DATA SUPPLIED below:

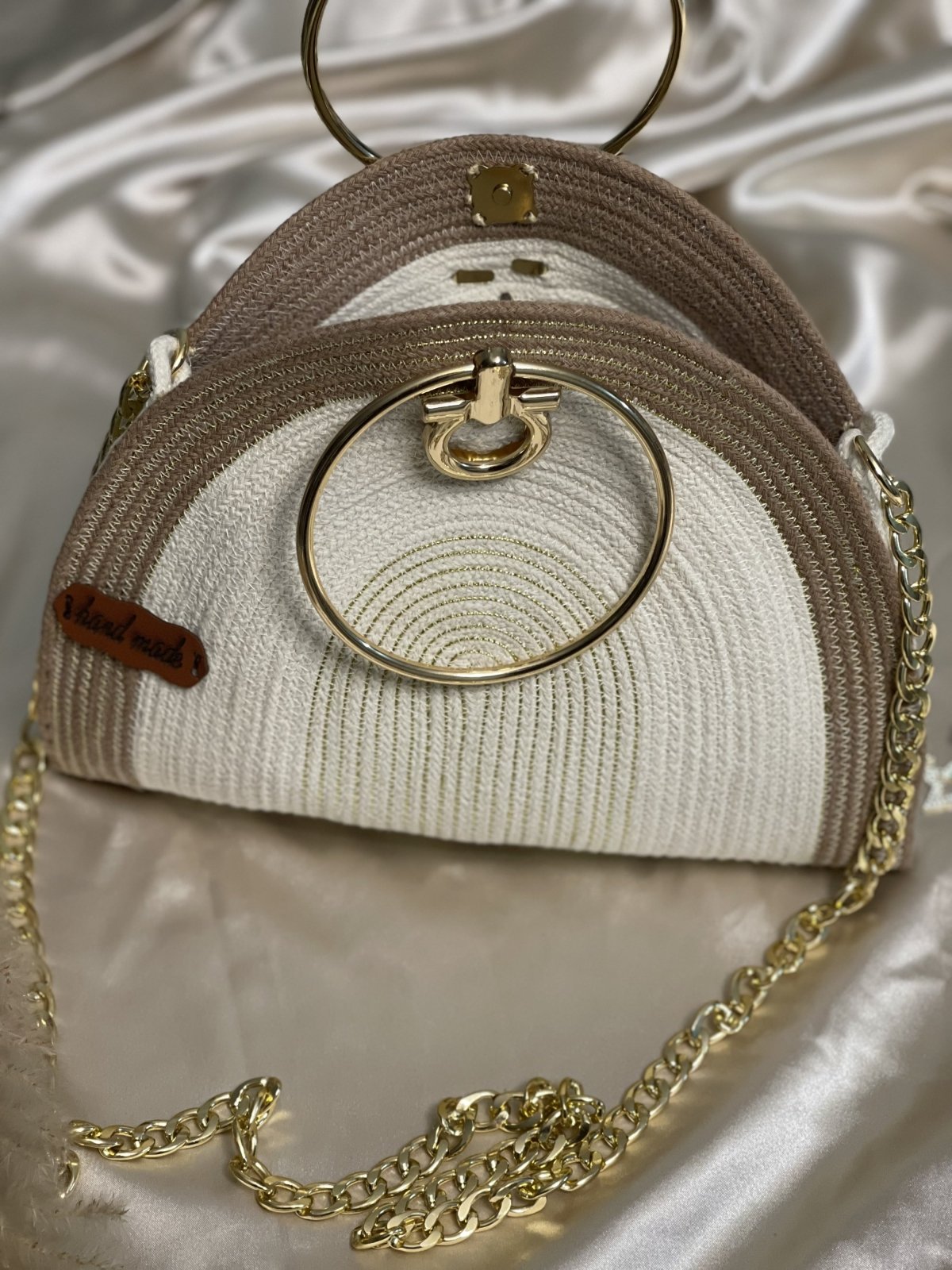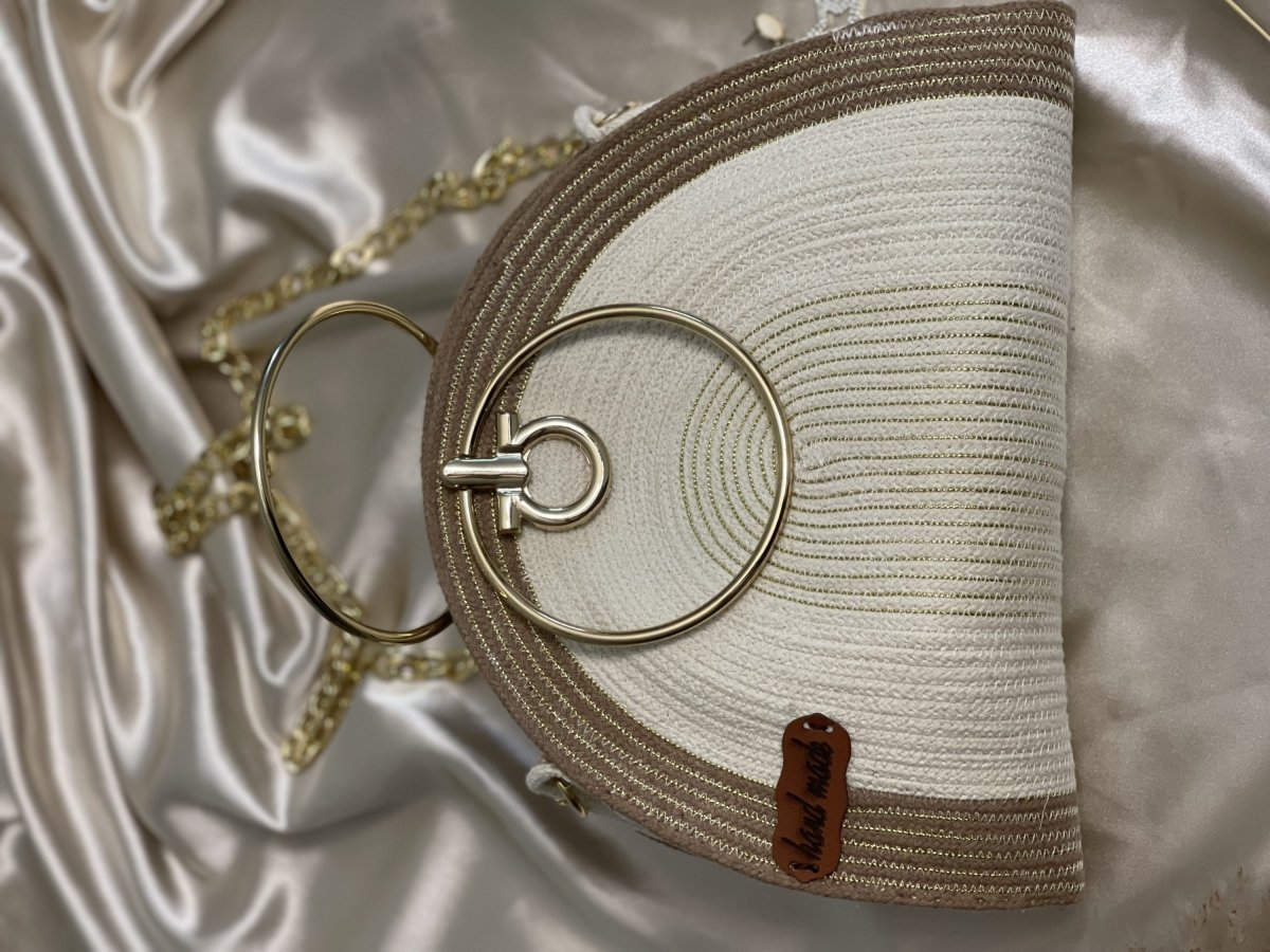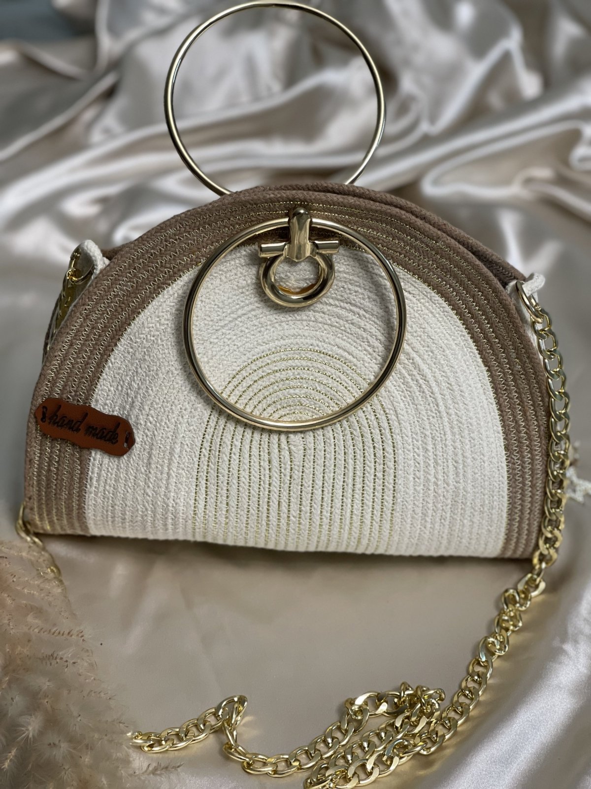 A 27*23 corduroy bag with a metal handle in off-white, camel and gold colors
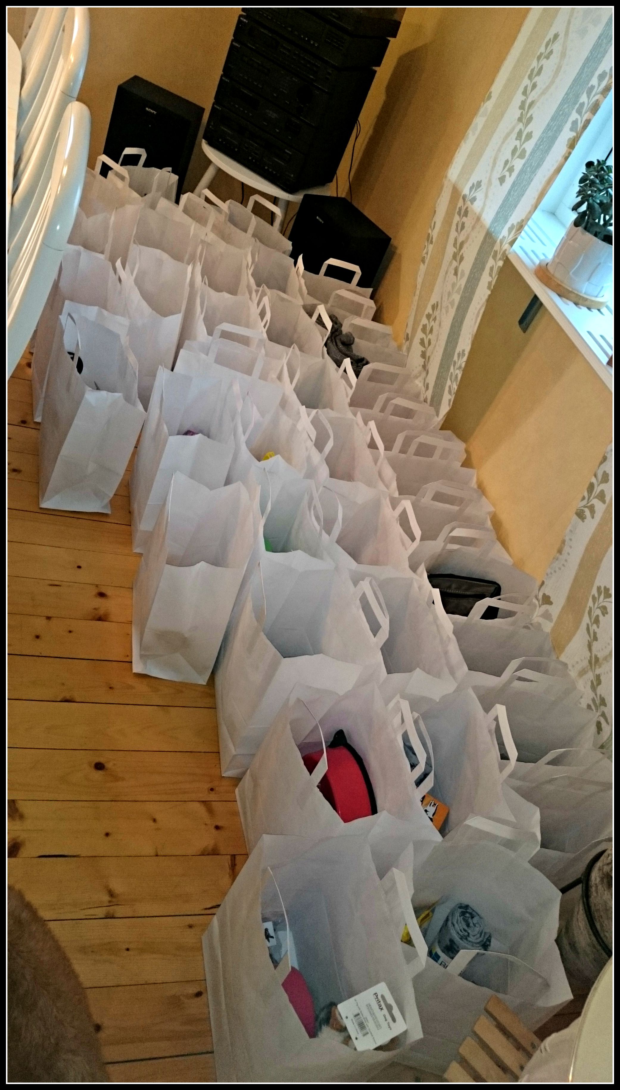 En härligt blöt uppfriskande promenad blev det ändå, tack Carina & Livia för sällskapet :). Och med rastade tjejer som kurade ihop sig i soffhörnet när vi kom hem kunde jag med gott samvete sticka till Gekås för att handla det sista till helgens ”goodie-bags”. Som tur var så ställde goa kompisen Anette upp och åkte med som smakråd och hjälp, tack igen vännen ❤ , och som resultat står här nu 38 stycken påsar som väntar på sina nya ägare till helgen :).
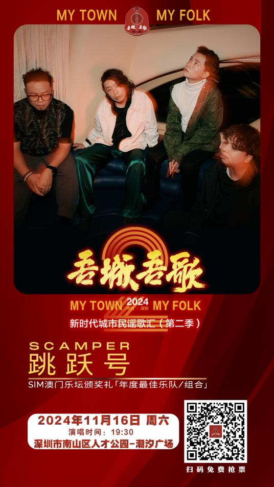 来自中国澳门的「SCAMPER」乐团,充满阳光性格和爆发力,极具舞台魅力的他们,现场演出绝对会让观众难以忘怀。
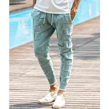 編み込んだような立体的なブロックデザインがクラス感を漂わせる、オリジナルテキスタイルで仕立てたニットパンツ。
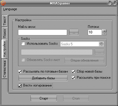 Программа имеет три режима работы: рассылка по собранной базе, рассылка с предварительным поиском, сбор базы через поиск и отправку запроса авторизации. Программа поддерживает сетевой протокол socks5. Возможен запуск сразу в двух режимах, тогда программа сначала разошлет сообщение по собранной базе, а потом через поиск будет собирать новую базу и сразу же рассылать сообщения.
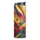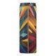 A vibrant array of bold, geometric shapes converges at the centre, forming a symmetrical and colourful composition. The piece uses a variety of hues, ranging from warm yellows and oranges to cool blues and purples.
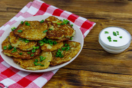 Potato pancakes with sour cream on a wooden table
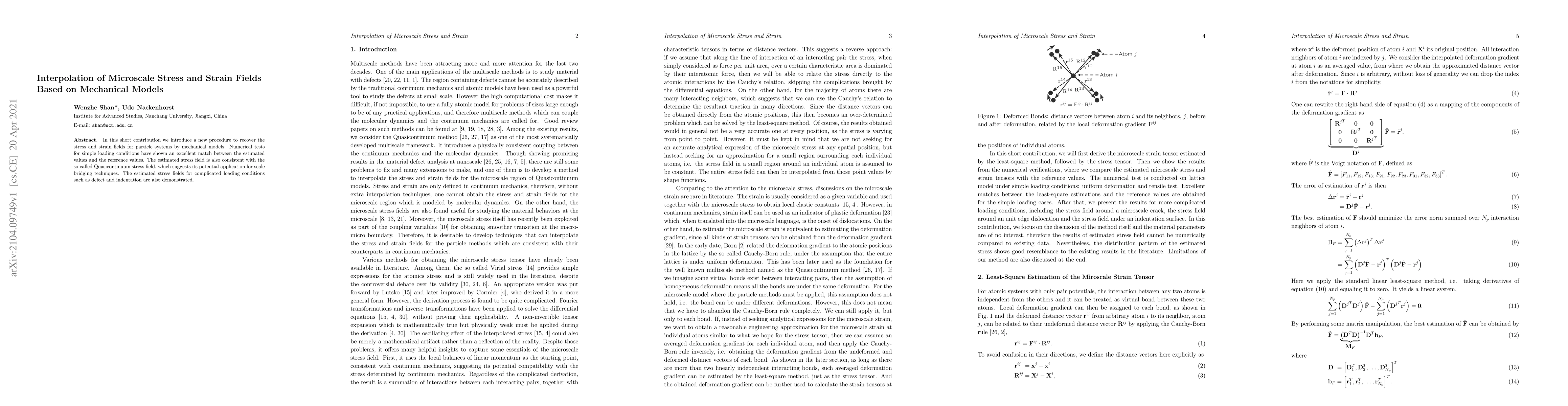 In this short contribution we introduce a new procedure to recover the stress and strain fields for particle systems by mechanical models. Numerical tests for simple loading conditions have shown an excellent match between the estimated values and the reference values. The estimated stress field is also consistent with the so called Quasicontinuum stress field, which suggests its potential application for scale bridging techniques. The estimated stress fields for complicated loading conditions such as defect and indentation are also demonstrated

End of DATA SUPPLIED.

*WORK TASK*
What you return must match the lines above from the one with "En härligt blöt" through the one with "編み込んだような立体的なブロ" exactly, with both ends included and the pictures excluded.

*WRITTEN SOLUTION*
 En härligt blöt uppfriskande promenad blev det ändå, tack Carina & Livia för sällskapet :). Och med rastade tjejer som kurade ihop sig i soffhörnet när vi kom hem kunde jag med gott samvete sticka till Gekås för att handla det sista till helgens ”goodie-bags”. Som tur var så ställde goa kompisen Anette upp och åkte med som smakråd och hjälp, tack igen vännen ❤ , och som resultat står här nu 38 stycken påsar som väntar på sina nya ägare till helgen :).
 来自中国澳门的「SCAMPER」乐团,充满阳光性格和爆发力,极具舞台魅力的他们,现场演出绝对会让观众难以忘怀。
 編み込んだような立体的なブロックデザインがクラス感を漂わせる、オリジナルテキスタイルで仕立てたニットパンツ。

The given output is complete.